The $12 billion aid package included a $559 million government purchase of pork to be used for federal food assistance programs for the needy.

2 Min Read
First shipment of USDA-purchased pork for needy delivered
Getty Images/Sean Gallup

This week the Trump administration rolled out the second phase of the market facilitation part of its assistance program for America’s farmers while the first shipments of pork purchased by the government under the aid plan were delivered to food centers around the country.

The USDA in late-August unveiled details of the assistance program, which was initiated to mitigate the financial hit farmers have taken from punitive tariffs imposed on U.S. farm goods by China, Mexico and other nations. U.S. pork, for example, earlier this year was slapped with two 25% duties from China and a 20% tariff from Mexico, retaliation for U.S. tariffs on some of those countries’ goods.

Under the assistance program, pork producers with adjusted gross income of less than $900,000 are eligible for direct payments of $8 per animal — in two phases of $4 each — based on the number of live hogs they owned on Aug. 1, or on any day between July 15 and Aug. 15 if that is more representative of the entity’s ownership interests. Livestock payments are limited to $125,000 per person or legal entity. Sign-up for the Market Facilitation Program began Sept. 4 and runs through Jan. 15.

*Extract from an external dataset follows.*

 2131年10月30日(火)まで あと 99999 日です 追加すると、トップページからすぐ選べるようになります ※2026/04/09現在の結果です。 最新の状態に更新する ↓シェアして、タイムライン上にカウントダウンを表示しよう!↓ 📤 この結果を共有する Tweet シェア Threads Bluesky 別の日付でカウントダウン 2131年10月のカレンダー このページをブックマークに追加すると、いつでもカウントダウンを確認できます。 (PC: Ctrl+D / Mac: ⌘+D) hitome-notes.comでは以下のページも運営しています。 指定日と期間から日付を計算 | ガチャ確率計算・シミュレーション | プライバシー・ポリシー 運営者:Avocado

The $12 billion aid package also included a $559 million government purchase of pork to be used for federal food assistance programs for the needy. The purchases, which are expected to cover about a week’s worth of production, are being made by USDA in four tranches.

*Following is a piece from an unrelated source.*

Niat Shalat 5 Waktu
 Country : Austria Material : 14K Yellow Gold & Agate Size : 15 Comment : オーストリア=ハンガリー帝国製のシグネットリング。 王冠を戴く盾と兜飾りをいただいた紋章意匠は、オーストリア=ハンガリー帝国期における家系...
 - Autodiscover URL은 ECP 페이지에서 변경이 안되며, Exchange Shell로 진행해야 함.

“Today’s announcement is further proof that President Trump is committed to America’s farmers, including pork producers, who support his efforts to realign U.S. trade policy,” says National Pork Producers Council president Jim Heimerl, a hog farmer from Johnstown, Ohio. “U.S. agriculture has borne the brunt of the retaliatory tariffs, so the administration’s aid plan helps.”

Still, Heimerl says, farmers would rather be producing and exporting food.

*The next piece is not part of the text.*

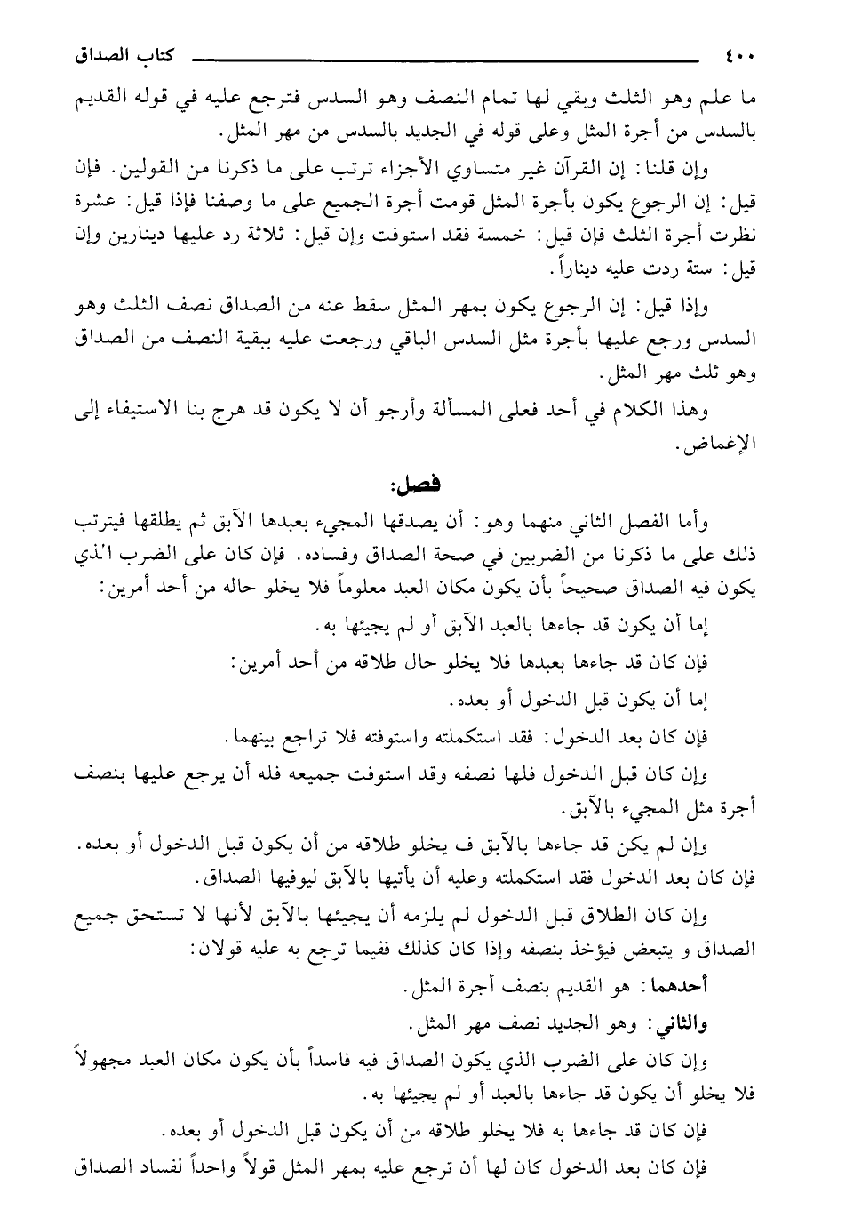 وأما الفصل الثاني منهما وهو: أن يصدقها المجيء بعبدها الأبق ثم يطلقها فيترتب ذلك على ما ذكرنا من الضربين في صحة الصداق وفساده. فإن كان على الضرب الذي يكون فيه الصداق صحيحًا بأن يكون مكان العبد معلومًا فلا يخلو حاله من أحد أمرين:

“We need to end these trade disputes soon and open new markets, so we can export to consumers around the globe the safest, most nutritious pork in the world,” says Heimerl.

In addition to asking the Trump administration to resolve the dispute with China and to drop the U.S. tariff on steel and aluminum imports from Mexico so that country will rescind its duty on U.S. pork, the NPPC has been urging the White House to negotiate new trade deals with countries, particularly ones in the fast-growing Asia-Pacific region, beginning with Japan.